Provided records:
· · · · · · ·
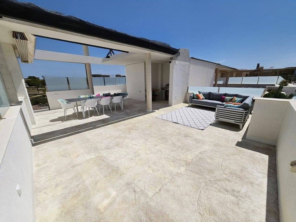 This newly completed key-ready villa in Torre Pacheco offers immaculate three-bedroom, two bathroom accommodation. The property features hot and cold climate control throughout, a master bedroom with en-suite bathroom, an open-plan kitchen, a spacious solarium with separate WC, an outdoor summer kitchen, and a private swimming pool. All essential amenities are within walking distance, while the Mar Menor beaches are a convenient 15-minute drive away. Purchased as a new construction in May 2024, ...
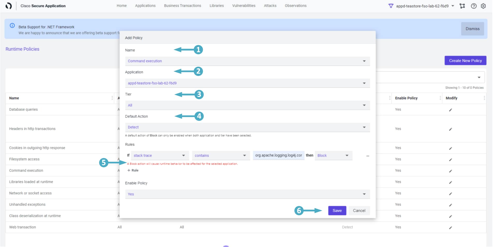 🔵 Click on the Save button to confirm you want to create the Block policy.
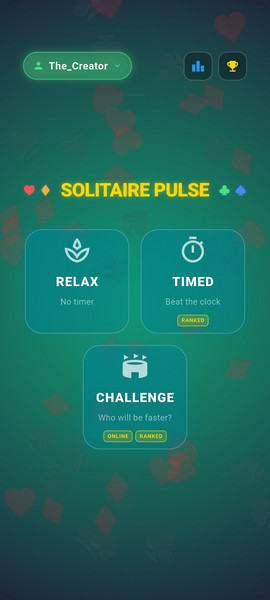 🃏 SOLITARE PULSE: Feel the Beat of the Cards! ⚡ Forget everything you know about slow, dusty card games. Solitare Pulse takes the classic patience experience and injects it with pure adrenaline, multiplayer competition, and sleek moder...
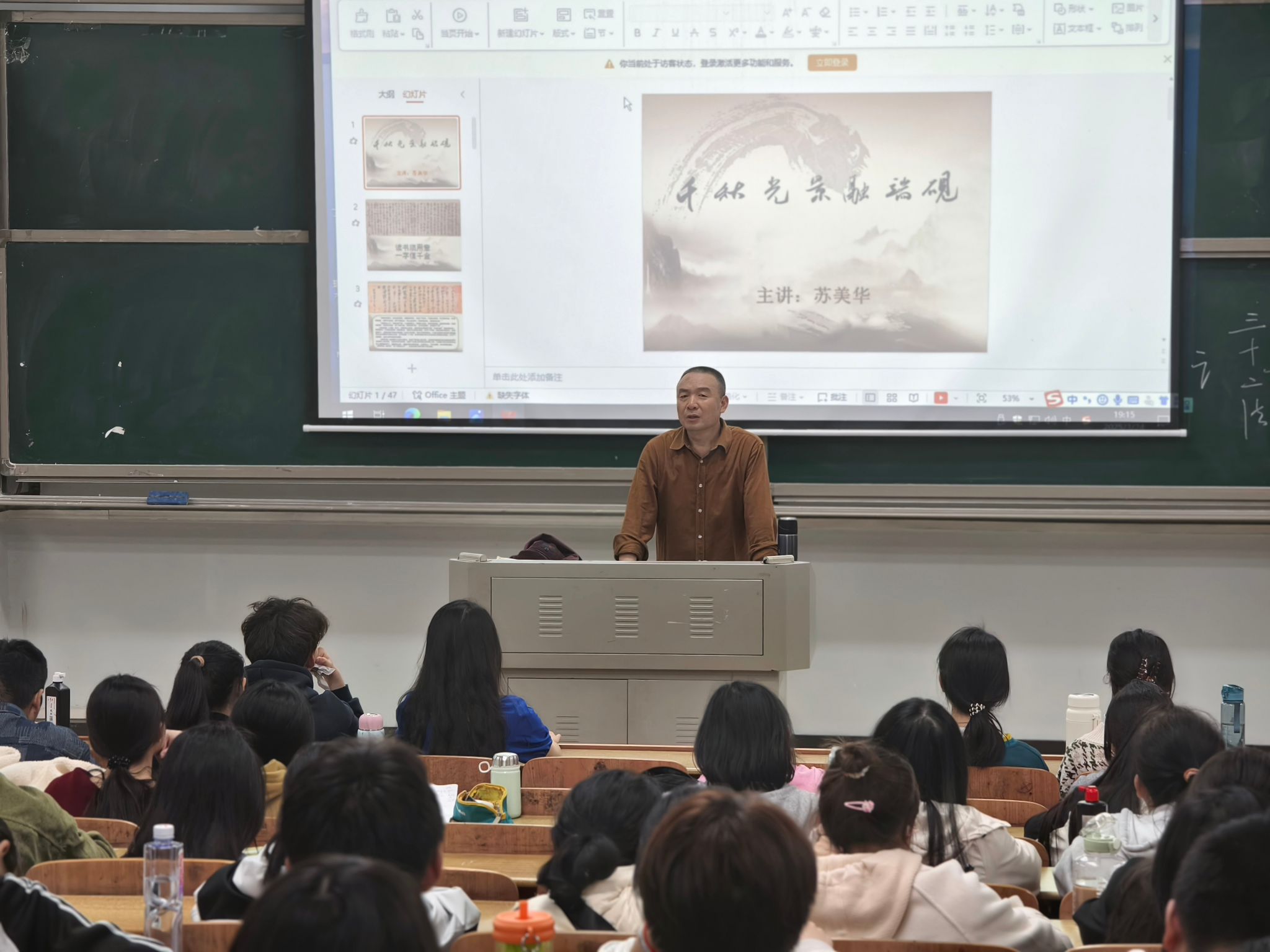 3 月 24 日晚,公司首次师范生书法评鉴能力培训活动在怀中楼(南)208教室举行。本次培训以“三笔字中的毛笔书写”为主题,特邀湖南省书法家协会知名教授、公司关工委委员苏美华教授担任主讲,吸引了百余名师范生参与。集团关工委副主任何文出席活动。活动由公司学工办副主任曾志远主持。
· · · · · · ·
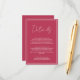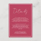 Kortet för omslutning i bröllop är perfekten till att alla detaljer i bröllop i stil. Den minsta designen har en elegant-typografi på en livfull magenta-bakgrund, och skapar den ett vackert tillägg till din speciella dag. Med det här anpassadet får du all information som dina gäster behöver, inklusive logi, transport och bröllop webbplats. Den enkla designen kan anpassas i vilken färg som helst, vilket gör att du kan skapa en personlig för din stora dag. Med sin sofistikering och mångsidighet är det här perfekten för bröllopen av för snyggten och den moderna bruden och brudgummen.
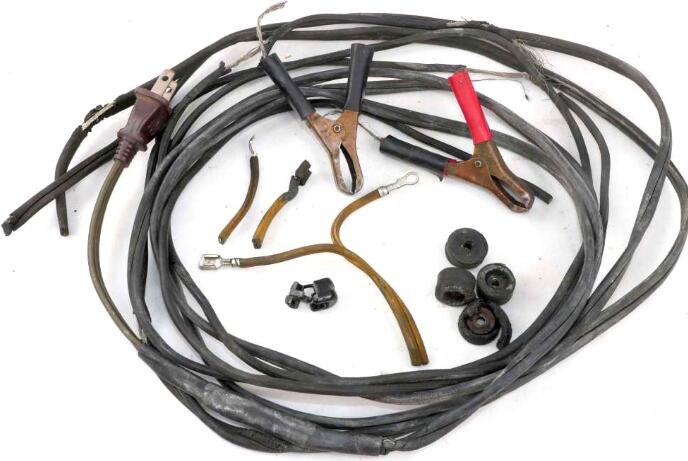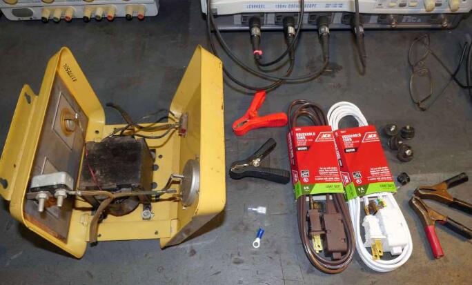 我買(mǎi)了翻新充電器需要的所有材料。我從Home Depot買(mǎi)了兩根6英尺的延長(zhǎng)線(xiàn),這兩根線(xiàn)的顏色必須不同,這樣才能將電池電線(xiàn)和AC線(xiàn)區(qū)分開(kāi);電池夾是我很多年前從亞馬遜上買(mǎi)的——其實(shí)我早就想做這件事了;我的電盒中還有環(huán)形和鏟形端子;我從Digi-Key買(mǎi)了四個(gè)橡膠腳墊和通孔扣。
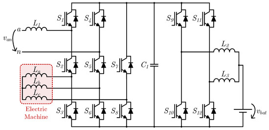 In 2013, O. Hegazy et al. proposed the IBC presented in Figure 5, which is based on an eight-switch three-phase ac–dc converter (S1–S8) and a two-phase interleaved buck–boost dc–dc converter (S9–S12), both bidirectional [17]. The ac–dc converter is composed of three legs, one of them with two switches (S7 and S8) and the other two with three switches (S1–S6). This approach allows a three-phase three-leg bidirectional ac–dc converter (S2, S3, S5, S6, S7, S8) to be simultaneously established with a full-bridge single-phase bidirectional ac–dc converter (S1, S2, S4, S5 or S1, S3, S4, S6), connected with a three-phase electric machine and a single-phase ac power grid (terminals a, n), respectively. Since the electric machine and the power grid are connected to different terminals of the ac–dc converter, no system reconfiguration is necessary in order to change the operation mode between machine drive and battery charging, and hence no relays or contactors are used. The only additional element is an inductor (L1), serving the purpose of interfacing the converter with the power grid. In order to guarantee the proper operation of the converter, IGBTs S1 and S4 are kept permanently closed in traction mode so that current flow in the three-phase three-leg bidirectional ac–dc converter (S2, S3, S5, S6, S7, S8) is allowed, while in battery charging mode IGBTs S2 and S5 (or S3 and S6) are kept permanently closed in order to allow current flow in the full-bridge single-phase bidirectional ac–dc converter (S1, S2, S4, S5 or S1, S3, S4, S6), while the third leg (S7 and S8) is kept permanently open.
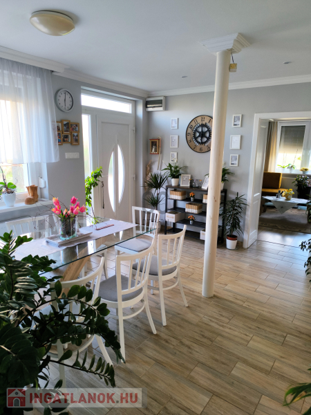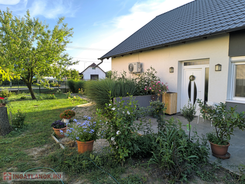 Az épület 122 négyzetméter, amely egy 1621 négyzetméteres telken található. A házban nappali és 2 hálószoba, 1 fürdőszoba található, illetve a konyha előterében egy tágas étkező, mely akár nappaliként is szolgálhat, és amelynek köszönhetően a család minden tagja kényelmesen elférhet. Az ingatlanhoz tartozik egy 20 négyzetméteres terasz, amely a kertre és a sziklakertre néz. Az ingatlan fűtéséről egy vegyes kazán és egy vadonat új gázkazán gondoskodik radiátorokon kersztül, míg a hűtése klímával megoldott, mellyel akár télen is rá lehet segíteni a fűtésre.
· · · · · · ·
What the task requires: Among the entries above, locate the line with "Kortet för omslutning" and the line with "我買(mǎi)了翻新充電器需". Give those two lines and all lines between them again, exactly, leaving out the pictures.

Response box:
 Kortet för omslutning i bröllop är perfekten till att alla detaljer i bröllop i stil. Den minsta designen har en elegant-typografi på en livfull magenta-bakgrund, och skapar den ett vackert tillägg till din speciella dag. Med det här anpassadet får du all information som dina gäster behöver, inklusive logi, transport och bröllop webbplats. Den enkla designen kan anpassas i vilken färg som helst, vilket gör att du kan skapa en personlig för din stora dag. Med sin sofistikering och mångsidighet är det här perfekten för bröllopen av för snyggten och den moderna bruden och brudgummen.
 我買(mǎi)了翻新充電器需要的所有材料。我從Home Depot買(mǎi)了兩根6英尺的延長(zhǎng)線(xiàn),這兩根線(xiàn)的顏色必須不同,這樣才能將電池電線(xiàn)和AC線(xiàn)區(qū)分開(kāi);電池夾是我很多年前從亞馬遜上買(mǎi)的——其實(shí)我早就想做這件事了;我的電盒中還有環(huán)形和鏟形端子;我從Digi-Key買(mǎi)了四個(gè)橡膠腳墊和通孔扣。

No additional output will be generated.